### Brief
Restate word for word the lines between the start of the material and the line with "Сложить аксессуар в", keeping both of those ends and none of the pictures.

### Information provided
****************

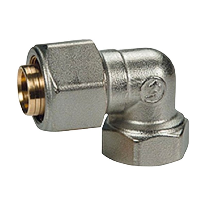 Giacomini 90-degree elbow fitting for plastic or multilayer pipes, provides a secure and durable connection for high-efficiency plumbing systems, with the following features:
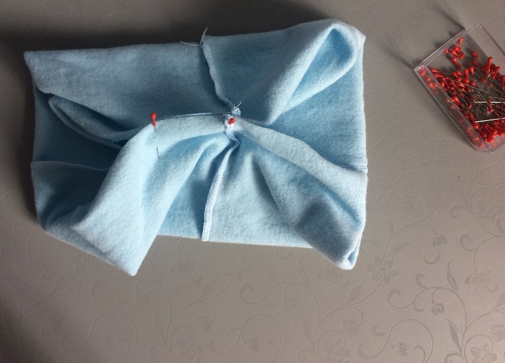 Сложить аксессуар в 2 слоя так, чтобы швы совпадали. Далее нужно определить, какая из сторон будет изнаночной, приколоть все булавками и прошить.
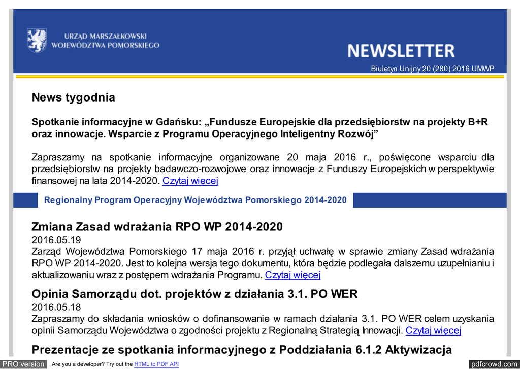 Biuletyn Unijny 20 (280) 2016 UMWP News tygodnia Spotkanie informacyjne w Gdańsku: „Fundusze Europejskie dla przedsiębiorstw na projekty B+R oraz innowacje. Wsparcie z Programu Operacyjnego Inteligentny Rozwój” Zapraszamy na spotkanie informacyjne organizowane 20 maja 2016 r., poświęcone wsparciu dla przedsiębiorstw na projekty badawczo-rozwojowe oraz innowacje z Funduszy Europejskich w perspektywie finansowej na lata 2014-2020. Czytaj więcej Regionalny Program Operacyjny Województwa Pomorskiego 2014-2020 Zmiana Zasad wdrażania RPO WP 2014-2020 2016.05.19 Zarząd Województwa Pomorskiego 17 maja 2016 r. przyjął uchwałę w sprawie zmiany Zasad wdrażania RPO WP 2014-2020. Jest to kolejna wersja tego dokumentu, która będzie podlegała dalszemu uzupełnianiu i aktualizowaniu wraz z postępem wdrażania Programu. Czytaj więcej Opinia Samorządu dot. projektów z działania 3.1. PO WER 2016.05.18 Zapraszamy do składania wniosków o dofinansowanie w ramach działania 3.1. PO WER celem uzyskania opinii Samorządu Województwa o zgodności projektu z Regionalną Strategią Innowacji. Czytaj więcej Prezentacje ze spotkania informacyjnego z Poddziałania 6.1.2 Aktywizacja PRO version Are you a developer? Try out the HTML to PDF API pdfcrowd.com Społeczno-Zawodowa 2016.05.18 Zapraszamy do zapoznania się z prezentacjami ze spotkania informacyjnego dedykowanego konkursowi z Poddziałania 6.1.2 Aktywizacja społeczno-zawodowa,które odbyło się 12.05.2016 r. w Gdańsku.Czytaj więcej 9 milionów złotych dla Gdańszczan znajdujących się w trudnej sytuacji życiowej i zawodowej 2016.05.18 9 maja 2016 r. Samorząd Województwa Pomorskiego podpisał umowę z Miastem Gdańsk na realizację projektu pt. „GPS – Gotowość Praca Samodzielność". Projekt o wartości prawie 9 milionów złotych (8 969 918,88) pomoże powrócić m.in. na rynek pracy tym mieszańcom Gdańska, którzy z różnych powodów znaleźli się na życiowym zakręcie. Czytaj więcej Rozstrzygnięcie konkursu z Działania 8.3 Materialne i niematerialne dziedzictwo kulturowe RPO WP 2014-2020 2016.05.17 Dnia 12 maja 2016 r. uchwałą nr 465/142/16 Zarząd Województwa Pomorskiego rozstrzygnął konkurs z Działania 8.3 Materialne i niematerialne dziedzictwo kulturowe RPO WP 2014-2020 (konkurs nr RPPM.08.03.00-IZ.00-22-001/15). Czytaj więcej Główny Punkt Informacyjny Funduszy Europejskich Spotkanie informacyjne w Gdyni: „Fundusze na prace B+R oraz komercjalizację w ramach Regionalnego Programu Operacyjnego Województwa Pomorskiego na lata 2014-2020” 2016.05.19 Lokalny Punkt Informacyjny Funduszy Europejskich w Gdańsku zaprasza na spotkanie informacyjne organizowane 2 czerwca 2016 r., poświęcone zagadnieniom wsparcia prac badawczo-rozwojowych oraz PRO version Are you a developer? Try out the HTML to PDF API pdfcrowd.com komercjalizacji w ramach Regionalnego Programu Operacyjnego Województwa Pomorskiego na lata 20142020. Czytaj więcej Spotkanie informacyjne w Wejherowie: „Zasady kwalifikowalności wydatków w projektach współfinansowanych z Europejskiego Funduszu 2016.05.19 Lokalny Punkt Informacyjny Funduszy Europejskich w Wejherowie zaprasza na spotkanie informacyjne organizowane 31 maja 2016 r., poświęcone zagadnieniom związanym z kwalifikowalnością wydatków w projektach współfinansowanych z Europejskiego Funduszu Społecznego. Czytaj więcej Spotkanie informacyjne w Wejherowie: „Fundusze na integrację - konkurs z poddziałania 6.1.2. Aktywizacja społeczno-zawodowa w ramach RPO WP 20142020” 2016.05.19 Lokalny Punkt Informacyjny Funduszy Europejskich w Wejherowie zaprasza na spotkanie informacyjne organizowane 31 maja 2016 r., dotyczące konkursu ogłoszonego przez Zarząd Województwa Pomorskiego z poddziałania 6.1.2. Aktywizacja społeczno-zawodowa w ramach Regionalnego Programu Operacyjnego Województwa Pomorskiego 2014-2020. Czytaj więcej Spotkania informacyjne: „Środa z Funduszami dla organizacji pozarządowych” 2016.05.19 Punkty Informacyjne Funduszy Europejskich w województwie pomorskim w ramach cyklu „Środa z Funduszami" zapraszają na spotkania informacyjne organizowane 1 czerwca 2016 r., poświęcone zagadnieniom związanym ze wsparciem organizacji pozarządowych z Funduszy Europejskich w perspektywie finansowej na lata 2014-2020. Czytaj więcej Spotkanie informacyjne w Gdyni: „Mama może wszystko! Fundusze Europejskie na założenie własnej działalności gospodarczej” 2016.05.19 Lokalny Punkt Informacyjny Funduszy Europejskich w Gdańsku zaprasza na spotkanie informacyjne PRO version Are you a developer? Try out the HTML to PDF API pdfcrowd.com organizowane 20 maja 2016 r., poświęcone zagadnieniom związanym z zakładaniem działalności gospodarczej przy wsparciu Funduszy Europejskich w perspektywie finansowej na lata 2014-2020. Czytaj więcej Szkolenie w Malborku: „Perspektywa 2014-2020 – wsparcie dla przedsiębiorców” 2016.05.19 Lokalny Punkt Informacyjny Funduszy Europejskich w Malborku zaprasza na szkolenie organizowane 20 maja 2016 r., poświęcone zagadnieniom związanym z Funduszami Europejskimi na rozwój działalności gospodarczej w nowej perspektywie finansowej na lata 2014-2020. Czytaj więcej Szkolenie w Słupsku: „Podstawowe zasady realizacji i rozliczania projektów finansowanych z Funduszy Europejskich w perspektywie 2014-2020” 2016.05.19 Lokalny Punkt Informacyjny Funduszy Europejskich w Słupsku zaprasza na szkolenie organizowane 24 maja 2016 r., poświęcone zasadom realizacji i rozliczania projektów finansowanych z Funduszy Europejskich w perspektywie 2014-2020. Czytaj więcej Spotkania informacyjne w Kościerzynie, Chojnicach i Człuchowie: „Środki z Unii Europejskiej na rozwój przedsiębiorstw” 2016.05.19 Lokalny Punkt Informacyjny Funduszy Europejskich w Chojnicach zaprasza na spotkania informacyjne organizowane 20, 24 i 25 maja 2016 r., poświęcone zagadnieniom związanym z Funduszami Europejskimi na rozwój

****************

### Solution
 Giacomini 90-degree elbow fitting for plastic or multilayer pipes, provides a secure and durable connection for high-efficiency plumbing systems, with the following features:
 Сложить аксессуар в 2 слоя так, чтобы швы совпадали. Далее нужно определить, какая из сторон будет изнаночной, приколоть все булавками и прошить.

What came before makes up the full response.